The directional_search function utilises a depth-first search (DFS) algorithm for travesing the UMI graph. It is written this way

Python

 1
 2
 3
 4
 5
 6
 7
 8
 9
10
11
12
13
14
15
16
17
18
19
20
21
22
23
24
25
26
27
28
29
def dfs(
        node,
        node_val_sorted,
        node_set_remaining,
        graph_adj,
):
    visited = set()
    approval = []
    disapproval = []
    g = graph_adj
    def search(node):
        visited.add(node)
        self.console.print('======>visited UMI nodes: {}'.format(visited))
        self.console.print(visited)
        for neighbor in g[node]:
            self.console.print('=========>the neighbor: {}'.format(neighbor))

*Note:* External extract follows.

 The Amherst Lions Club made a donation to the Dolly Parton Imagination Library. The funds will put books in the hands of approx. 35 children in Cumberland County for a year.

            if neighbor not in visited:
                if neighbor in node_set_remaining:
                    if node_val_sorted[node] >= 2 * node_val_sorted[neighbor] - 1:
                        approval.append([node, neighbor])

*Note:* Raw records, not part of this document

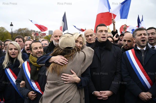 Caption : Marche contre l'antisémitisme, lancée par la présidente de l'Assemblée nationale et le président du Sénat, en réponse à la flambée d'actes antisémites qui touche la France depuis l'attaque du Hamas contre Israël. Hélène Laporte, Sébastien Chenu, Marine Le Pen, Jordan Bardella, Franck Allisio, Rassemblement national /// March against anti-Semitism, launched by the President of the National Assembly and the President of the Senate, in response to the outbreak of anti-Semitic acts which has affected France since the Hamas attack on Israel. Hélène Laporte, Sébastien Chenu, Marine Le Pen, Jordan Bardella, Franck Allisio, Rassemblement national party - Paris - 12/11/2023 - Photo © Lionel Préau +33 (0)6 68 12 83 77
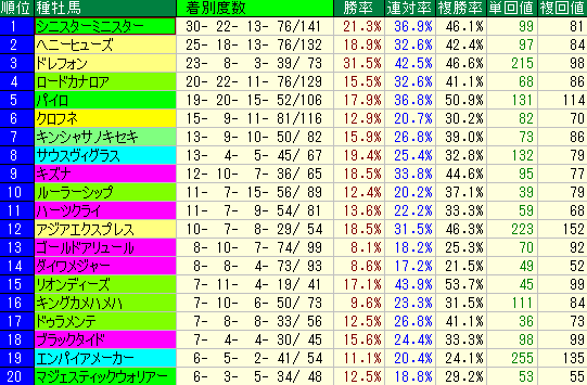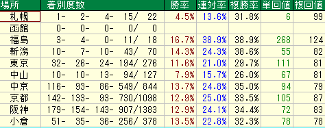 - 複勝率41.1%と好走率は悪くないですが、単勝回収値36%、複勝回収値73%と回収率が低迷。人気になりやすい割に勝ち切れない、というケースが多いようです。馬券的妙味は薄いと言えるでしょう。
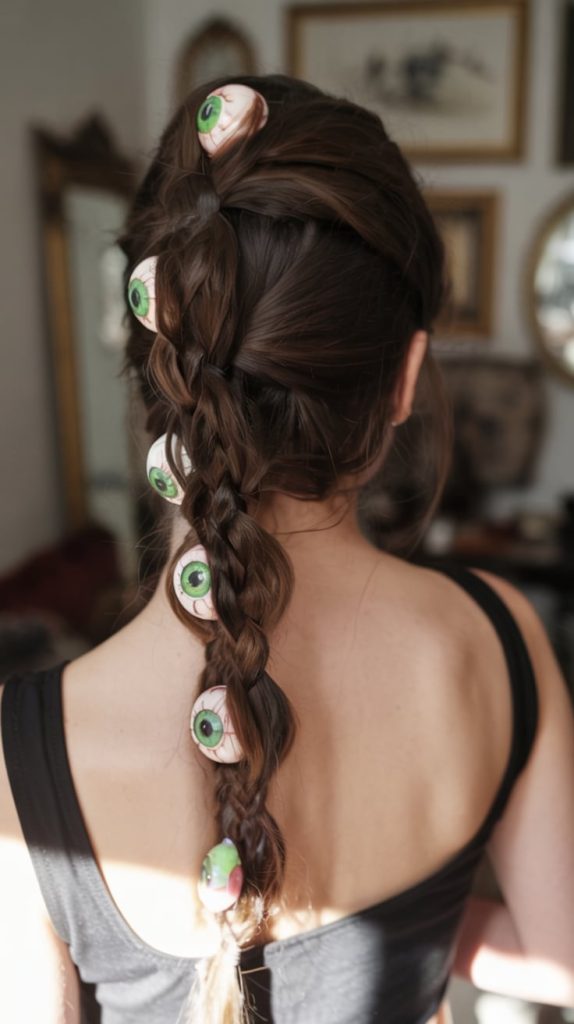 If you want to give people chills—in the best way—this braid adorned with eerie green eyeballs is your moment. It’s playful, freaky, and gives strong Ghost meets artsy-girl-next-door energy. The effect is surreal but approachable, and the attention to detail makes this one unforgettable.

                        search(neighbor)
                    else:
                        disapproval.append([node, neighbor])
    search(node)
    ### @@ approval
    # {'cc_0': {'node_A': [['A', 'B'], ['A', 'C'], ['A', 'D'], ['D', 'F']], 'node_E': []}}
    ### @@ disapproval
    # {'cc_0': {'node_A': [['B', 'C'], ['D', 'E']], 'node_E': []}}
    return visited, approval, disapproval


  1. Smith T, Heger A, Sudbery I. UMI-tools: modeling sequencing errors in Unique Molecular Identifiers to improve quantification accuracy. Genome Res. 2017 Mar;27(3):491-499. doi: 10.1101/gr.209601.116. Epub 2017 Jan 18. PMID: 28100584; PMCID: PMC5340976.